Un mince auditoire, pour un travail de longue haleine, plongeant le chercheur dans une quasi-léthargie, un mutisme unilatéral et de multiples dépressions.
Et pour la modique somme de 3 427,83 francs (soit 522,57€), vous avez le droit de vous incrire pour UNE ANNEE (à renouveler, donc, jusqu'à la fin du contrat, soit minimum 3 fois), avec comme avantages : 0 centime de revenu, un job annexe qui vous pourrit le semblant de vie sociale qu'il aurait pu vous rester, à peine 25 heures de cours (seminaires/unités, appelez ça comme vous voulez) par an, et la joie d'avoir une réponse à vos question au minimum 2 ou 3 mois plus tard, si vous êtes chanceux (directeur de thèse compris, intervenants divers, etc.). De longs moments de silence intérieurs.
Voilà. Un investissement d'à peu près 1 600€ qui ne vous rapportera rien, sinon une gloire intérieure infime si vous arrivez au terme du marathon avec les honneurs. Avec une chance sur des centaines de décrocher un job dans vos cordes au sortir (l'art pour l'art).
Une perspective tellement réjouissante que pour le moment j'ai dû travailler en tout et pour tout 4 journées de 8 heures... lu quelques 25 petits bouquins... en gros, je n'ai pas vraiment commencé...
Et puis, je n'ai pas vraiment de sujet... Une vague idée. Des questions qui ne trouvent pas d'interlocuteurs pour y répondre...
Et ma voix qui se barre en vacances, avec mon pote le sommeil.
Il y a franchement des jours où on se demande ce qu'on fait là.
On se demande pourquoi le jour de son orientation en fac on n'est pas resté couché... On aurait peut-être pu faire autre chose après tout ?
Mais on y va. On fonce, c'est ça qu'on aime, et pas autre chose. Et puis, on est plutôt doué pour ça faut dire. Peut-être à peine assez motivé(e)... Peut-être à peine assez de confiance en soi et d'audace.
Et le pire c'est qu'avec tout ça, on ne perd pas la face. On sourit au monde et on lui fait même des blagues.

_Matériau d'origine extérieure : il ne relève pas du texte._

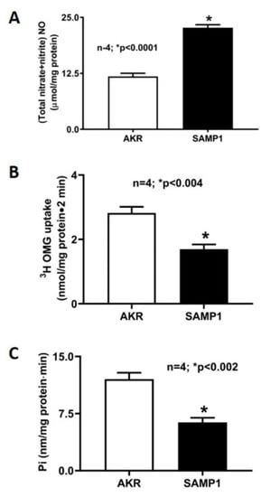 Physiological consequences of chronic intestinal inflammation in SAMP1 mouse. (A) Nitric oxide (NO): Mucosal levels of NO are significantly increased in SAMP1 mouse intestine. (B) Na-glucose co-transport (SGLT1): Na-dependent and phlorizin-sensitive 3H-OMG uptake is significantly decreased in villus cells from the SAMP1 intestine. (C) Na+/K+-ATPase: The activity of Na+/K+-ATPase, which provides the favorable Na gradient for SGLT1, is significantly diminished in SAMP1 mice intestine.

Et plus on s'enlise dans le doute, plus on se prélasse, et plus on profite de la vie. En attendant de voir ce que deviendront ces questions, ces euros, ces pages encore vierges d'un travail motivant mais tellement repoussant...
J'allais me coucher et je me suis dit : "Ah quand même!".
"- Un problème M'zelle?
"- Non, tout va bien, la même chose s'il vous plaît."
Glurps.
Une bonne nuit à toi qui passes dans le coin...
Une bonne journée à toi qui t'arrêtes furtivement en ces lieux...
Je range mes états d'âmes.
...
Qu'est-ce que tu ne ferais pas pour la peau? (et tout ce qu'on aurait dû faire)
Bouh!
(Et n'oubliez pas que cette nuit nous dormons une heure de plus! J'en ai bien besoin, pas vous?)